» **Material provided**
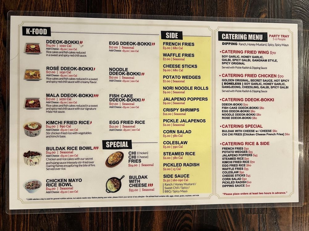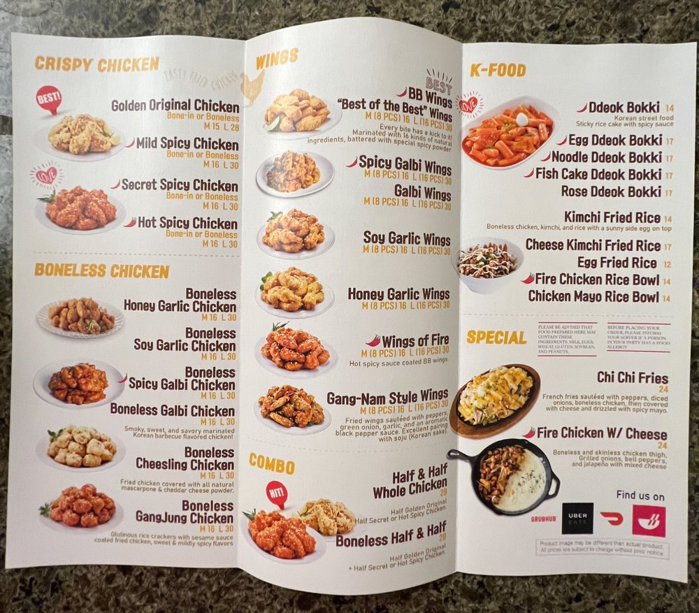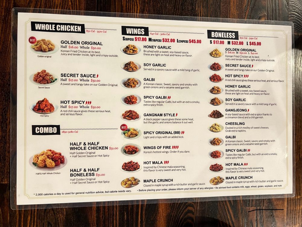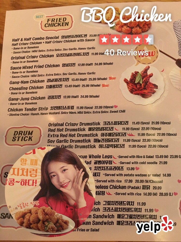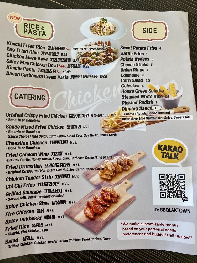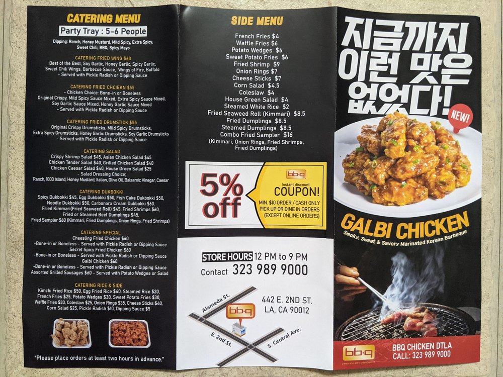 Introducing the menu at bb.q Chicken - LA Little Tokyo, a casual and trendy Korean chicken shop known for its delicious chicken wings. Located in Los Angeles, this restaurant offers delivery, takeout, and reservations, making it convenient for all diners. The menu boasts many vegetarian options and provides a wide range of utilities, from wheelchair accessibility to happy hour specials. Customers praise the perfectly crisp chicken, flavorful sauces, and attentive service. The honey soy garlic wings are a standout, with a generous amount of glaze and fresh garlic. While prices may be on the higher end, the quality and taste make it a worthwhile treat. Whether you're a chicken wing connoisseur or new to Korean fried chicken, bb.q Chicken - LA Little Tokyo promises a memorable dining experience.
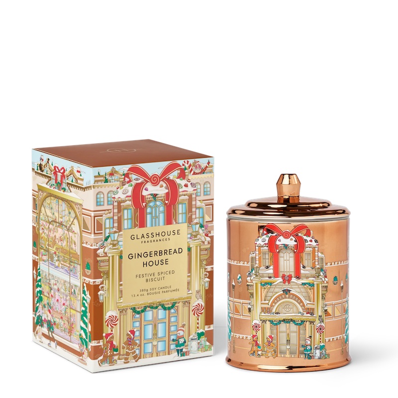 Glasshouse Fragrances' Gingerbread House 2025 Limited Edition Candle comes in a decorative vessel with illustrations by Aeoniumsky, that brings the magic of the festive season.
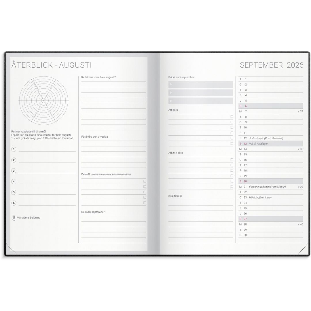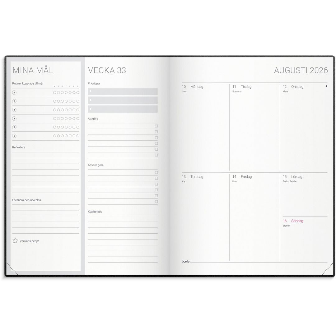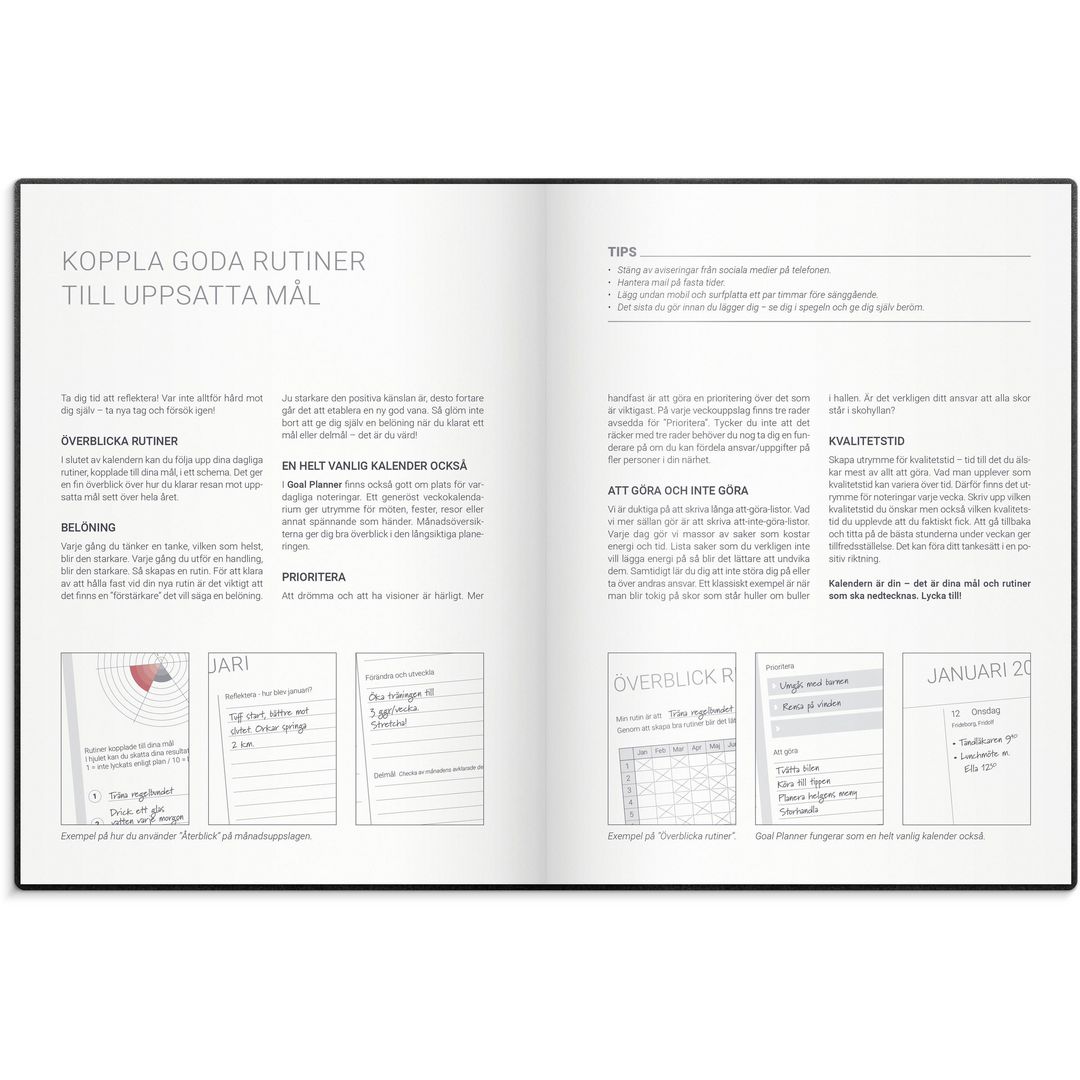 Att sätta upp mål, kämpa och slutligen lyckas är en rejäl boost för självkänslan! Oavsett vad du vill åstadkomma eller förändra är Burde s Goal Planner din optimala stöttepelare längs vägen. Du får hjälp med delmål, reflektioner, belöningar och din dagliga planering, såklart. Kalendern har ett stilrent omslag i svart konstläder med gummiband och märkband.
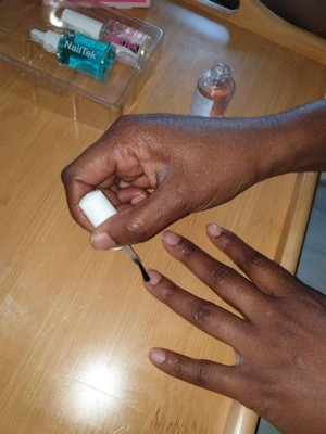 [This review was collected as part of a promotion.] I received this product for free in exchange for my honest review. I have short stubby nails and always willing to try something to hydrate and strengthen my nails. It is hard to tell if my nails are stronger since I keep them short but I like the idea of the product keeping my nails healthy. This product is easy to apply but it is 3 steps. Not sure if a busy mom has the time but I quickly go through the steps. The challenge is the products are very stinky and even after drying completely you get the strong scent and it takes at least 30 minutes after drying for the scent to completely go away, but the scent gives me a headache. The product does last a long time on your nails. I get no irritation. I would recommend if you have frail nails.

» **About this task**
Nothing but the pictures should be left out when the material above is copied.

» **Answer for the task**
 Introducing the menu at bb.q Chicken - LA Little Tokyo, a casual and trendy Korean chicken shop known for its delicious chicken wings. Located in Los Angeles, this restaurant offers delivery, takeout, and reservations, making it convenient for all diners. The menu boasts many vegetarian options and provides a wide range of utilities, from wheelchair accessibility to happy hour specials. Customers praise the perfectly crisp chicken, flavorful sauces, and attentive service. The honey soy garlic wings are a standout, with a generous amount of glaze and fresh garlic. While prices may be on the higher end, the quality and taste make it a worthwhile treat. Whether you're a chicken wing connoisseur or new to Korean fried chicken, bb.q Chicken - LA Little Tokyo promises a memorable dining experience.
 Glasshouse Fragrances' Gingerbread House 2025 Limited Edition Candle comes in a decorative vessel with illustrations by Aeoniumsky, that brings the magic of the festive season.
 Att sätta upp mål, kämpa och slutligen lyckas är en rejäl boost för självkänslan! Oavsett vad du vill åstadkomma eller förändra är Burde s Goal Planner din optimala stöttepelare längs vägen. Du får hjälp med delmål, reflektioner, belöningar och din dagliga planering, såklart. Kalendern har ett stilrent omslag i svart konstläder med gummiband och märkband.
 [This review was collected as part of a promotion.] I received this product for free in exchange for my honest review. I have short stubby nails and always willing to try something to hydrate and strengthen my nails. It is hard to tell if my nails are stronger since I keep them short but I like the idea of the product keeping my nails healthy. This product is easy to apply but it is 3 steps. Not sure if a busy mom has the time but I quickly go through the steps. The challenge is the products are very stinky and even after drying completely you get the strong scent and it takes at least 30 minutes after drying for the scent to completely go away, but the scent gives me a headache. The product does last a long time on your nails. I get no irritation. I would recommend if you have frail nails.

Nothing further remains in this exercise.